Are these just Reuter's images then?


----------



## pgriz

They forgot to mention other important information such as

time of the day
day of the week
geographic latitude
air temperature
barometric pressure
married status
colour of the photographer's eyes.

Because, they are all important components in making outstanding images, just like the camera used.

Or could it be...  it's really still about the photographer's skill (and not just a little bit of luck)?


----------



## Derrel

tirediron said:


> Derrel said:
> 
> 
> 
> Reuters is a "Canon house".
> 
> 
> 
> Are these just Reuter's images then?
Click to expand...


Yes, these are ALL "Reuter's images". This article was discussed a while back. 
link at bythom.com 
At his blog _(PJ Followup, Dec 5, 2012)_ Thom Hogan says: 

_"The large Canon bias is mostly because Reuters has tended to buy Canon product for thier staff. 
We are not looking at an un-biased sample in terms of brand. 
Plenty of photojournalists and other agencies have Nikon gear, it's just that Reuters is a Canon shop."_

<tbody>

</tbody>


----------



## tirediron

Ahhh, I get it; I was thinking it was "Best images according to Reuters" not "Best images from Reuters"; makes total sense now.


----------



## gsgary

tirediron said:


> Interesting, whereas Canon has long been the go-to choice for sports photographers, Nikon has always reigned supreme in the PJ world. It would be interesting to see if there are any 'unlisted' factors.  I find the use of the 16-35 especially interesting.  I know Nikon's version is nothing to write home about; it's decent, but that's about it.   I can't imagine passing up the 14-24 in favour of anything else when you need to shoot UWA...
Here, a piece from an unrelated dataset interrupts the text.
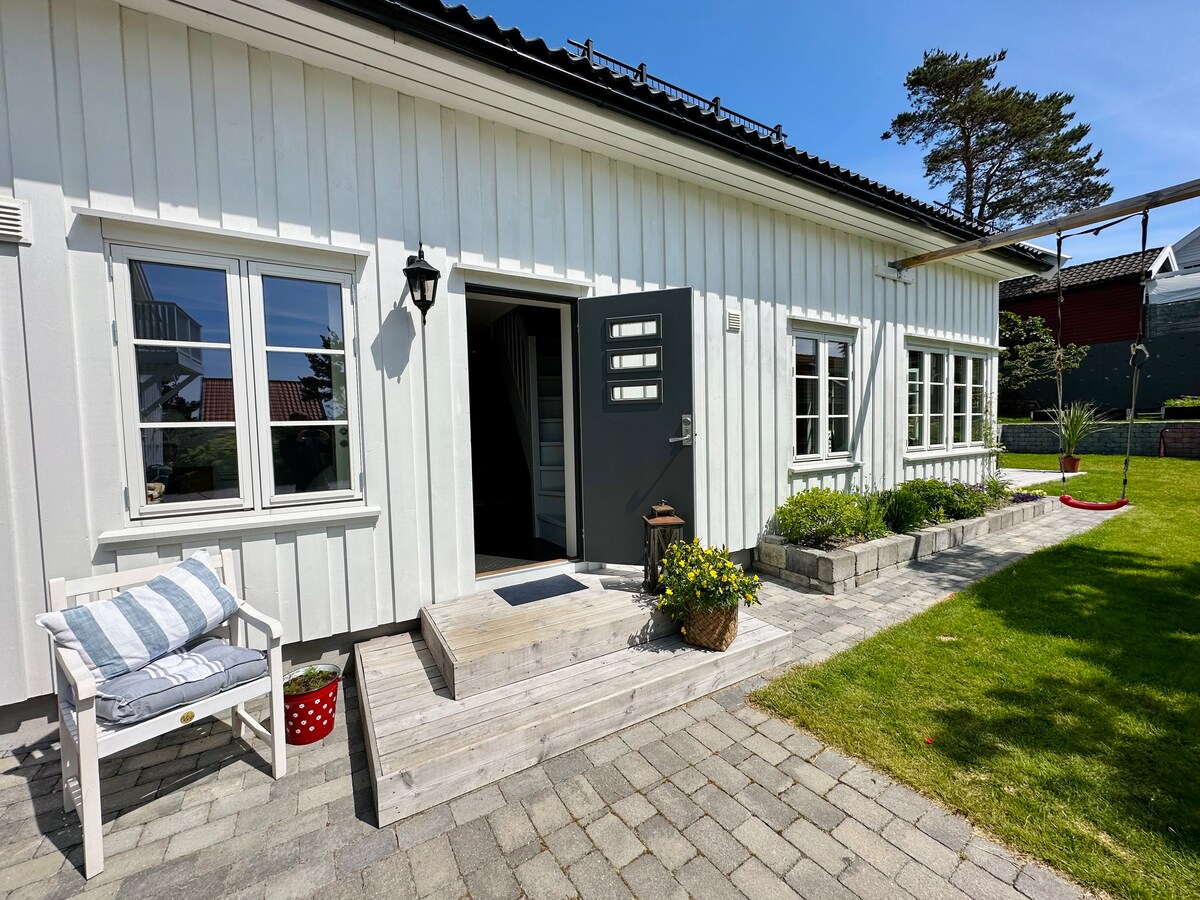 Kosel og landlig ferieleilighet over 2 etasjer.Barnegrind på terasse og inne ved trapp 2 soverom med dobbeltsenger, 2 gjestesenger 90 cm ,da den øverste madrassen er behagelig tempur madrass. 1 bad med vaskemaskin og dusjkabinett .Stor terasse.Gassgrill og utemøbler.Stor plen. Kort avstand til sjøen og Dyreparken ca 7 km.15 min gange til fiske og badeplass ved sjø.Sørlandsenteret ligger rett ved Dyreparken.10 km til Sommerbyen Lillesand og 20 km til Kristiansand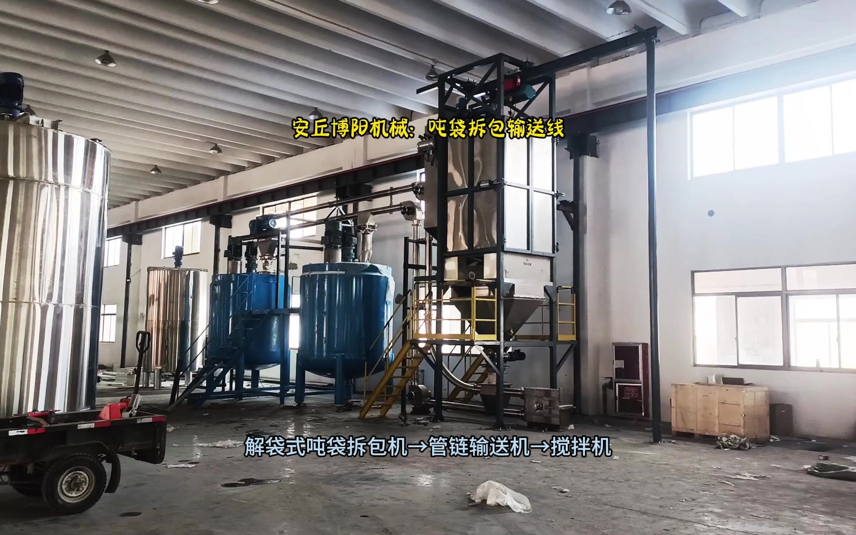 天津橡胶助剂吨包自动拆包机+多点进料管链输送机客户案例

For me you can't beat a Leica M9 for PJ work, the ME got a glowing report in Photo Pro, reviewer said it produced better images than his 1DX and need let post work and no cropping due to being able to see outside the frame it also brought back his love for photography


----------



## runnah

Biased sample group to be sure. That's like asking Ford employees their favorite make of car.


----------



## Derrel

I have read the Leica M9's images are simply OUTSTANDING, in every way. Malleable, great color rendering, high acutance, and a gorgeous "look". I would love to be able to afford a Leica digital system with some really awesome lenses. But, I'm pretty well stuck using what I've got. Right now, my only good rangefinder is my 15 year-old Bessa R, which is LTM, not Leica M, and all I have lens-wise are the 35/1.7 aspherical, the 50/1.5 Nokton, and the 75/2.5 Color-Heliar. I just wish I had a digital body to use them on.


----------



## runnah

Derrel said:


> I have read the Leica M9's images are simply OUTSTANDING, in every way. Malleable, great color rendering, high acutance, and a gorgeous "look". I would love to be able to afford a Leica digital system with some really awesome lenses. But, I'm pretty well stuck using what I've got.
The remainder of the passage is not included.